The purpose of the present study was to compare, in terms of blood loss and implant alignment in the coronal and sagittal planes, a new generation of smart EM cutting guides with the conventional technique based on the use of IM guides. The hypothesis was that the EM system, by avoiding the medullary breaching, would result in less blood loss and less hospitalization stay due to the better postoperative clinical status and hemoglobin values, while ensuring equal or even higher accuracy in the alignment of the femoral implant.
#
Methods
Study Design
The authors conducted a comparative multicenter randomized study on patients undergoing TKA at two independent centers in which one surgeon for center performed all the surgical procedures. The ethics committees of each center approved the study in advance.
#
Patients
The inclusion criteria were: patients undergoing primary TKA and age between 60 and 75 years; exclusion criteria were: pathological conditions affecting the ipsilateral knee or ankle, previous surgery on the ipsilateral hip or ankle, intra- or extra-articular deformities limiting the use of the regular IM guide, systemic disease affecting the hemoglobin levels in blood, or the patients' erythropoietic potential, and anticoaugulation or antiplatelet therapy.

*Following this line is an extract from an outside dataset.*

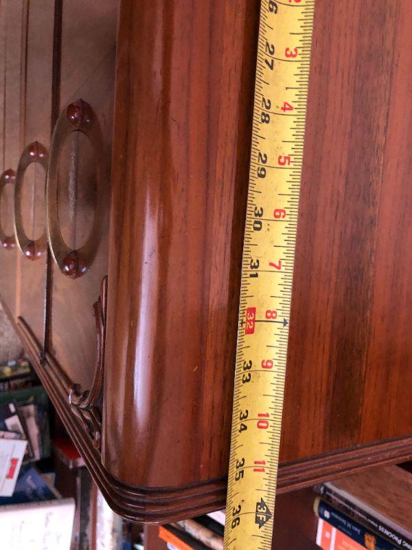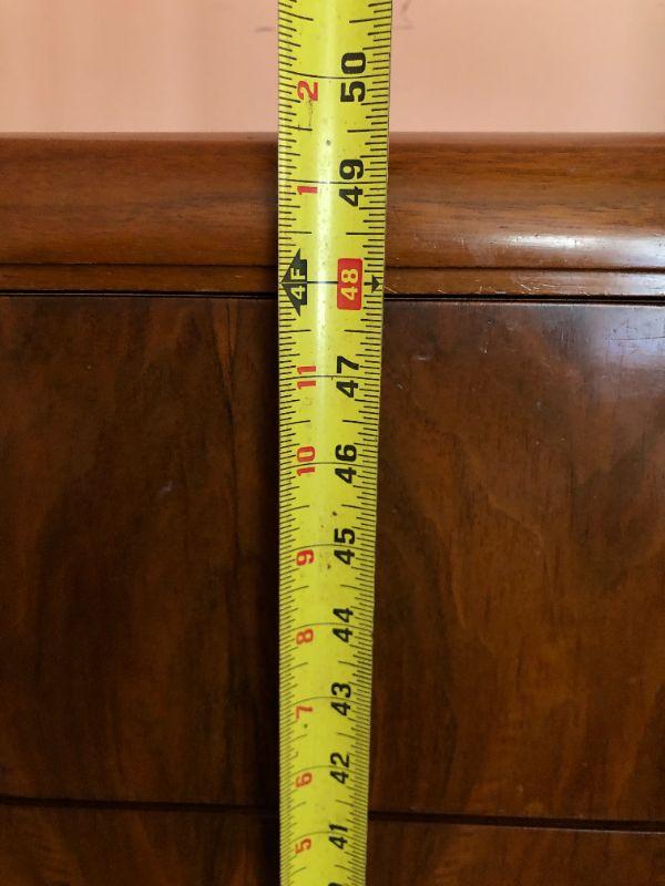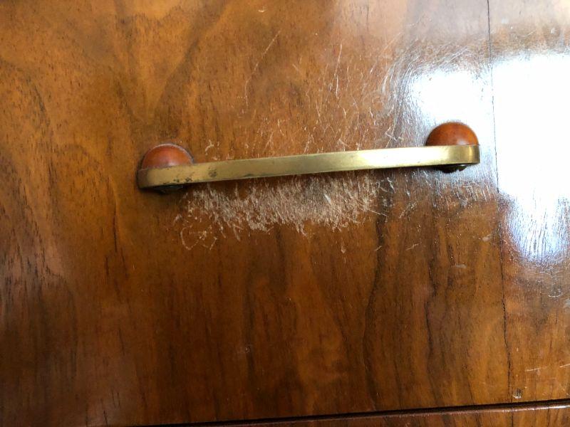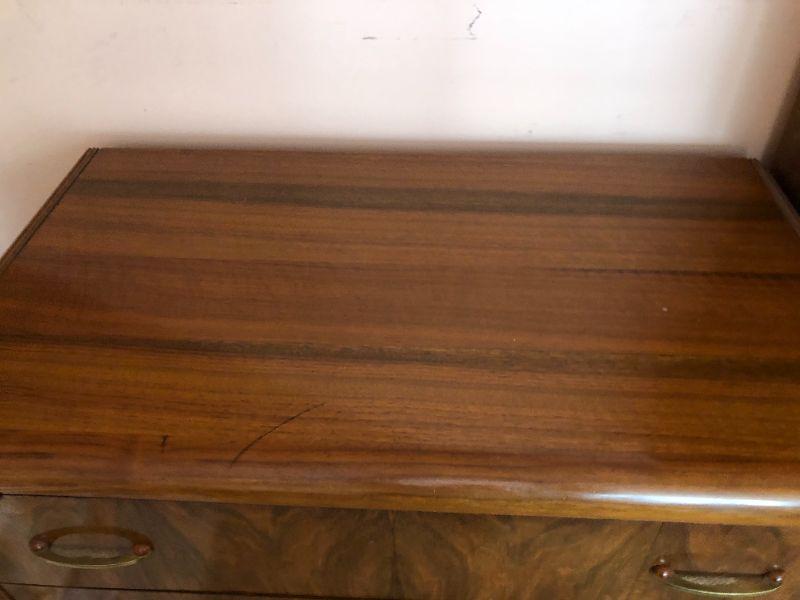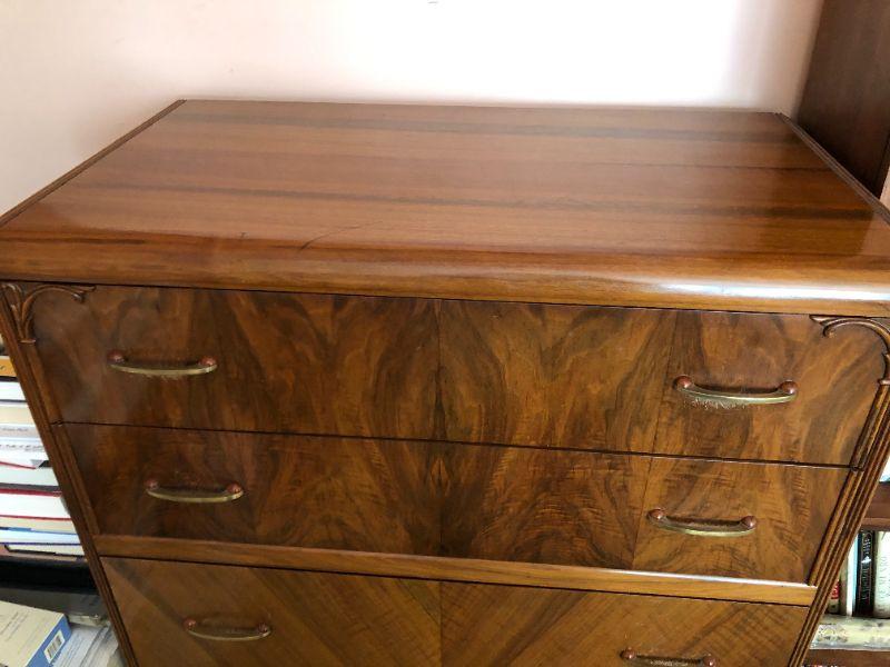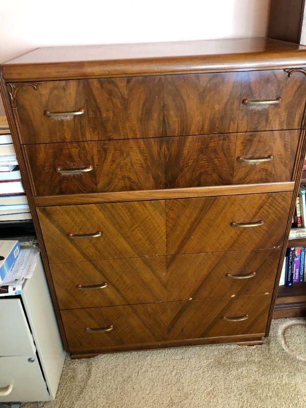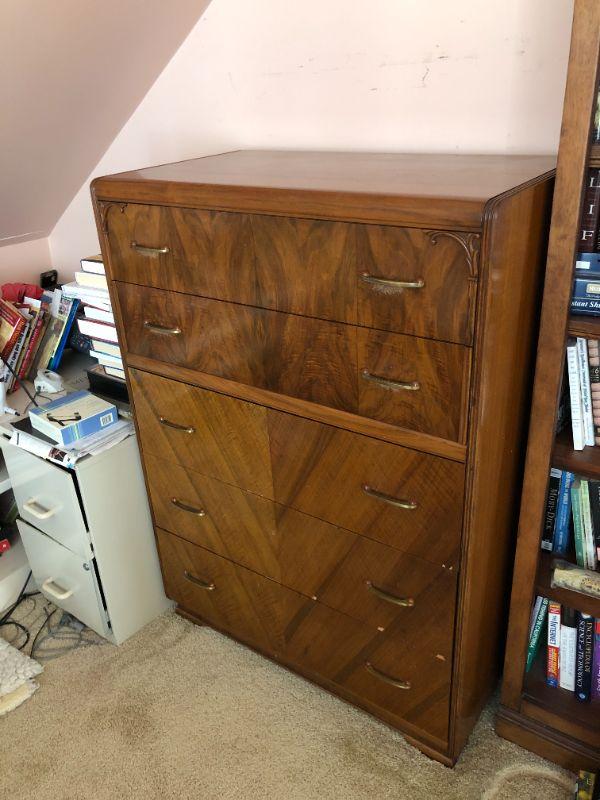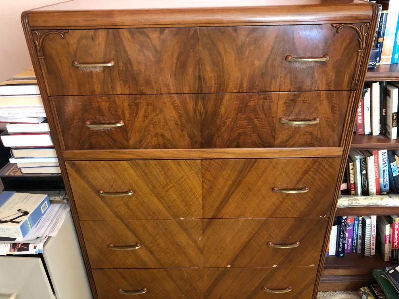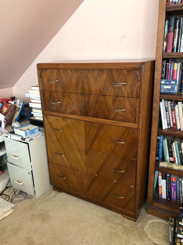 Beautiful large antique wood dresser, in a tan medium brown wood finish. Wood design has a deco flair. In good condition, with scratches in the finish (especially near the handles).
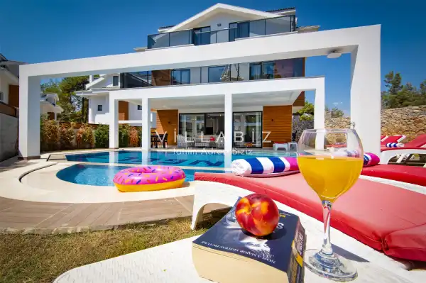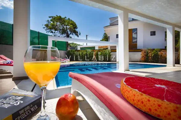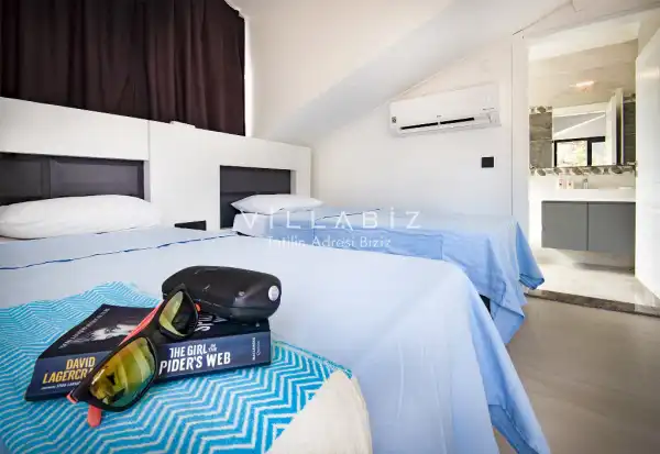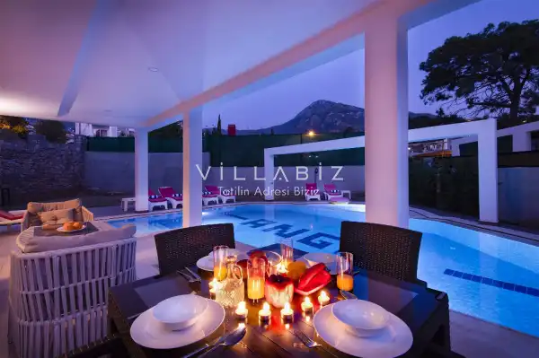 Toplam 4 yatak odasından oluşmuş, 8 kişi konaklama kapasitesine sahiptir. Geniş aileler ve kalabalık arkadaş grupları için oldukça idealdir. Oldukça şık ve modern bir şekilde döşenmiş olan villamızda misafirlerimiz için herşey düşünülmüştür. Havuz terasında bulunan şezlonglarda güneşlenebilir, bahçe masasında muhteşem yemekler yiyebilir, salıncakta sallanıp keyifli dakikalar geçirebilirsiniz.Villanın bahçesinde özel havuzun yanında çocuklar için bir de çocuk havuzu mevcut.

Thirty-six patients were enrolled (18 patients in each unit). After obtaining a written informed consent, patients were randomly assigned a randomization online software (www.randomization.com) to either of the two study groups 18 patients underwent TKA using the novel smart EM cutting guide (Perseus, Orthokey Italia, Italy; group A) while in the other 18 patients the conventional IM guide was used (group B).
#
Interventions
The same surgical approach (parapatellar medial capsulotomy) under tourniquet was used in the two groups. Both centers used the same implant (Attune; Depuy, Warsaw, IN, U.S.A.) and all the implants were cemented. Balance of space in flexion and extension (gap balancing technique) was used in both groups.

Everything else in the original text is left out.